Money is measured in dollars and cents.   Lives are measured in years, months, weeks, days, hours, and in the course of those running races, fractions of seconds.  Money you can always make more of.  You can lose your entire fortune and make a new one.  If you lose your life, you cannot make another!  Minutes are the currency of your most precious, and irreplaceable asset, your life.

Handle this currency and purchase the same way you’d make any other purchase.  First decide what it is you need.  If you wanted to spend dollars to buy a car, you’d state the need then evaluate the various options by comparing them to see which best fills your need.  You’d try very hard to drive the best possible bargain.

Complete the same process in dealing with Social Media.

1. Identify the need.  What is the real goal?  Be very specific.  ”I want to connect with 100 people who own landscaping companies so I can create relationships with them.  I want to create relationships with them so I can help them help their customers by showing them how to control weeds without killing desirable flowers at the same time.”

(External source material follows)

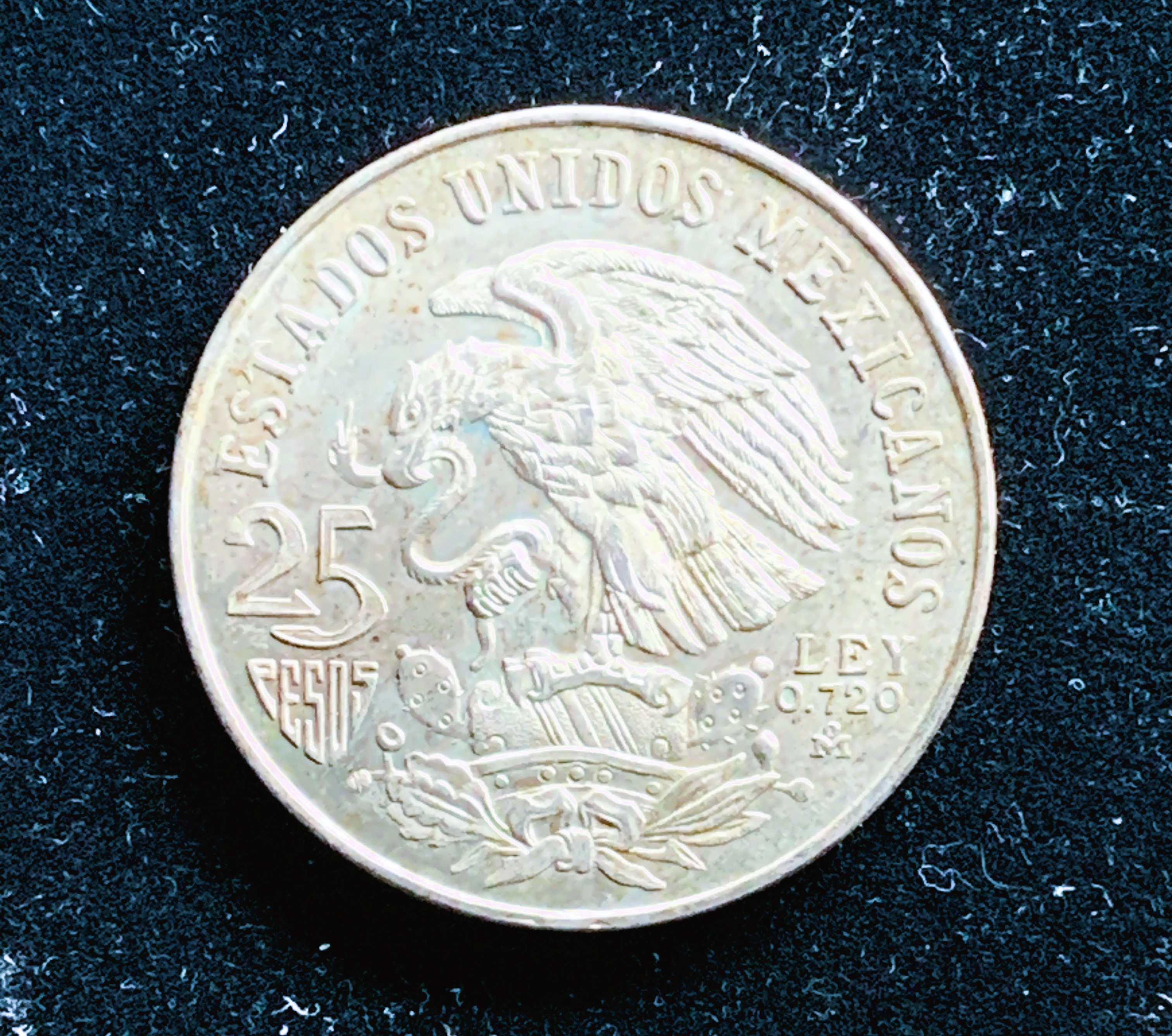SILVER ROUND, MEXICO 25 PESO, 1968 OLYMPICS, BU NICE COIN

2. Set a budget.  If you’re going to buy a car that you know you’re going to drive back and forth over very rough roads until it falls apart, your budget is going to be very different than if your goal is to “impress my father-in-law.” Similarly, the time budget needs to match the goal. I am going to spend 15 minutes three times a day building my Social Media presence because. . .”

3. Determine your options.  ”What shall I post?  Should I give away information?  What kind of information?  Should I blog, use Twitter, Facebook, LinkedIn, or something else entirely?”  Don’t forget to use tools.  You research a car for many hours using Google, or perhaps Bing or Yahoo, prior to making that purchase.   Do the same for Social Media tools that are available.  If you find that you can post something on schedule to one Social Media outlet, then create a string of self-posting events, you’ve just make a whole lot more time for yourself.

4. Stop shopping and buy!  Indecision is a decision – one that’s made for you.  In Social Media terms, this means define your very specific program and begin to spend the amount of time you budgeted the way you’ve decided best to achieve your stated goal.

You’ve just converted the time you’ve spent from an expense to an investment – one that will return a handsome dividend.  You’ll no longer lose productivity as the result of “trying” to “work Social Media” and nothing is more costly than that.